» **Task**
Reproduce the listing word for word, leaving every picture behind.

» **Input data**
□ □ □ □ □
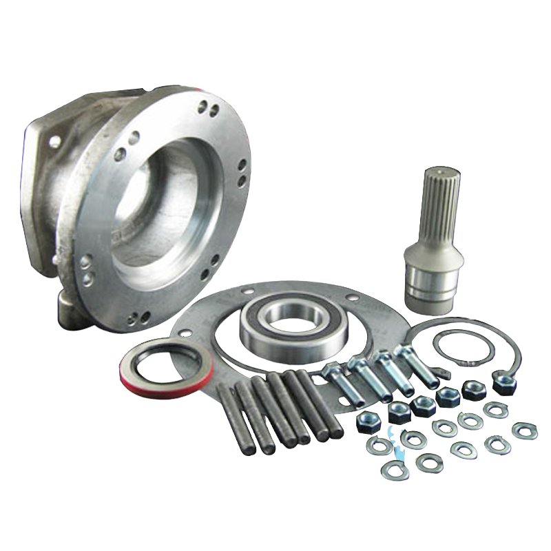 Our Advance Adapter 50-6304 will allow you to adapt a GM TH350 3 speed automatic transmission to the Jeep Dana 300 transfer. The adapter housing is 3.625" in length and is manufactured from 356-T6 heat treated aluminum alloy. We also supply a mounting provision on the bottom of the housing to bolt-on our heavy duty transmission mount (716021). The adapter kit includes an adapter housing, 27 x 23 spline spud shaft, bearing, snap rings, gasket, o-ring, fastening hardware and adapter instructions.
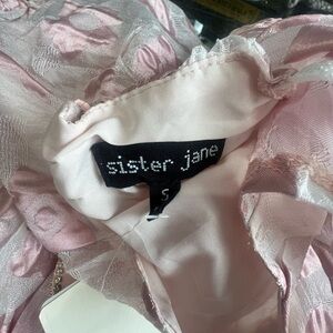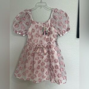 Elegant dress with floral pattern. Features puff sleeves and a satin bow. Perfect for formal occasions.
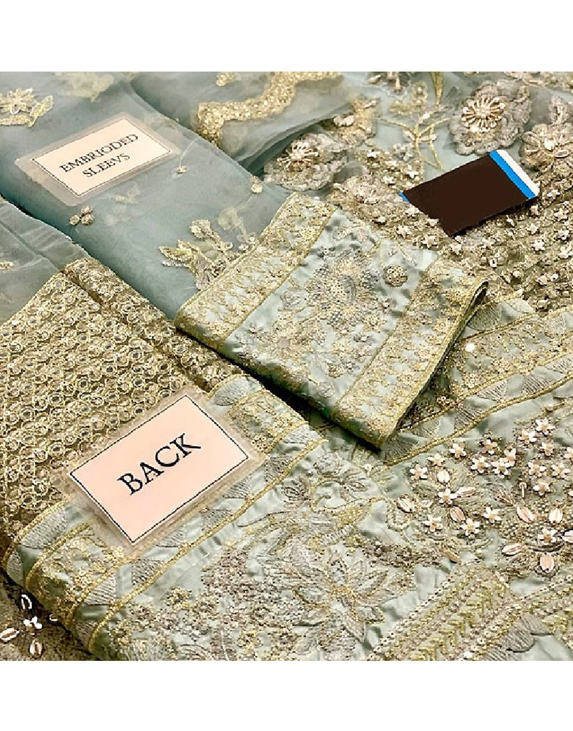 - Handwork Heavy Embroidered Organza Front Neck & Body
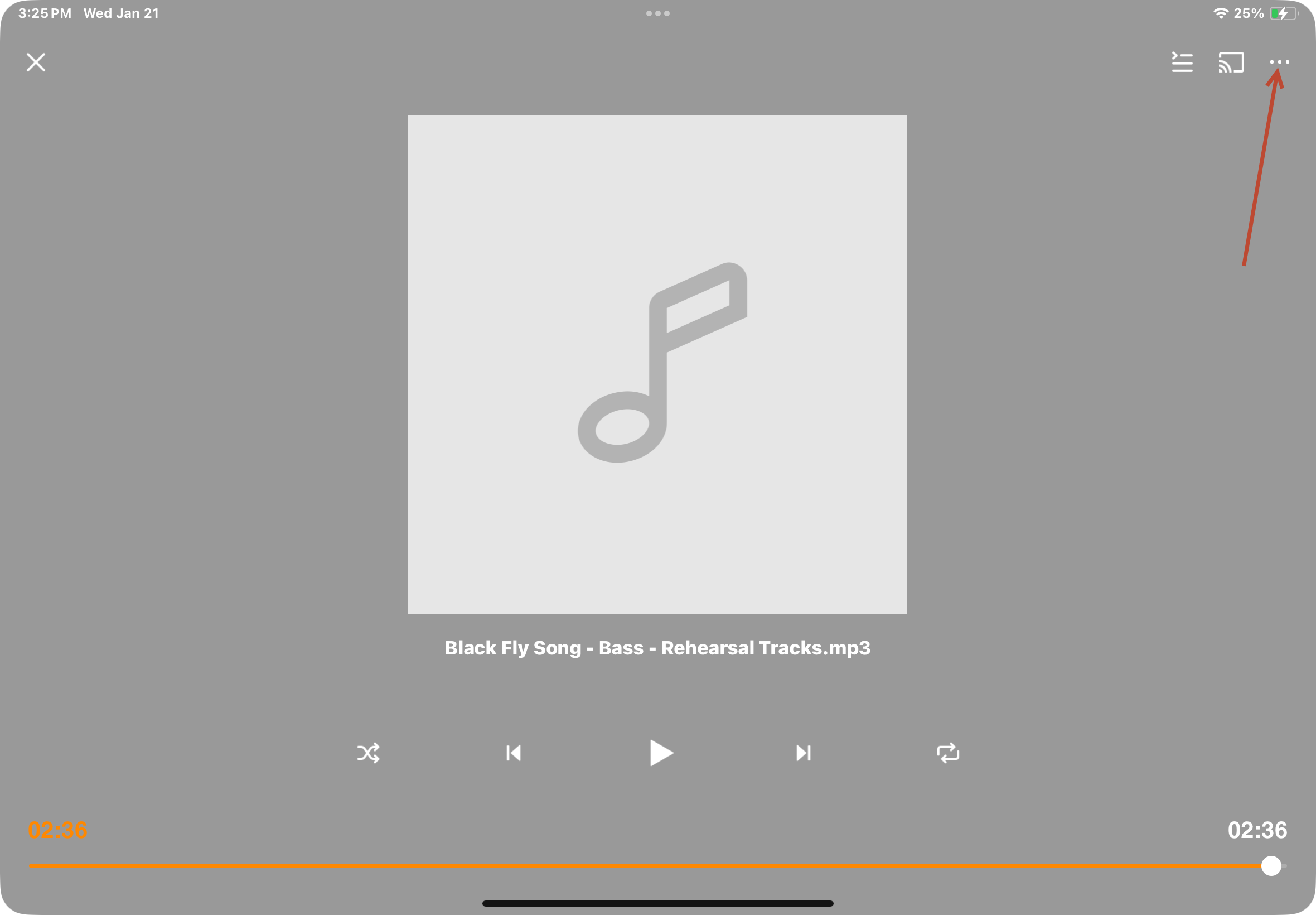 In Ipad or Mac, download a media player such as VLC Media Player (NOT VLC Video Player). That will create a VLC folder on your device. Copy mp3 files from your download folder to the VLC folder and they will be available to play in the VLC Player. Once the song is playing tap it to get the grey screen enlarged. Then tap the ‘…’ symbol at the top right when playing the song
□ □ □ □ □
» **Response to the task**
 Our Advance Adapter 50-6304 will allow you to adapt a GM TH350 3 speed automatic transmission to the Jeep Dana 300 transfer. The adapter housing is 3.625" in length and is manufactured from 356-T6 heat treated aluminum alloy. We also supply a mounting provision on the bottom of the housing to bolt-on our heavy duty transmission mount (716021). The adapter kit includes an adapter housing, 27 x 23 spline spud shaft, bearing, snap rings, gasket, o-ring, fastening hardware and adapter instructions.
 Elegant dress with floral pattern. Features puff sleeves and a satin bow. Perfect for formal occasions.
 - Handwork Heavy Embroidered Organza Front Neck & Body
 In Ipad or Mac, download a media player such as VLC Media Player (NOT VLC Video Player). That will create a VLC folder on your device. Copy mp3 files from your download folder to the VLC folder and they will be available to play in the VLC Player. Once the song is playing tap it to get the grey screen enlarged. Then tap the ‘…’ symbol at the top right when playing the song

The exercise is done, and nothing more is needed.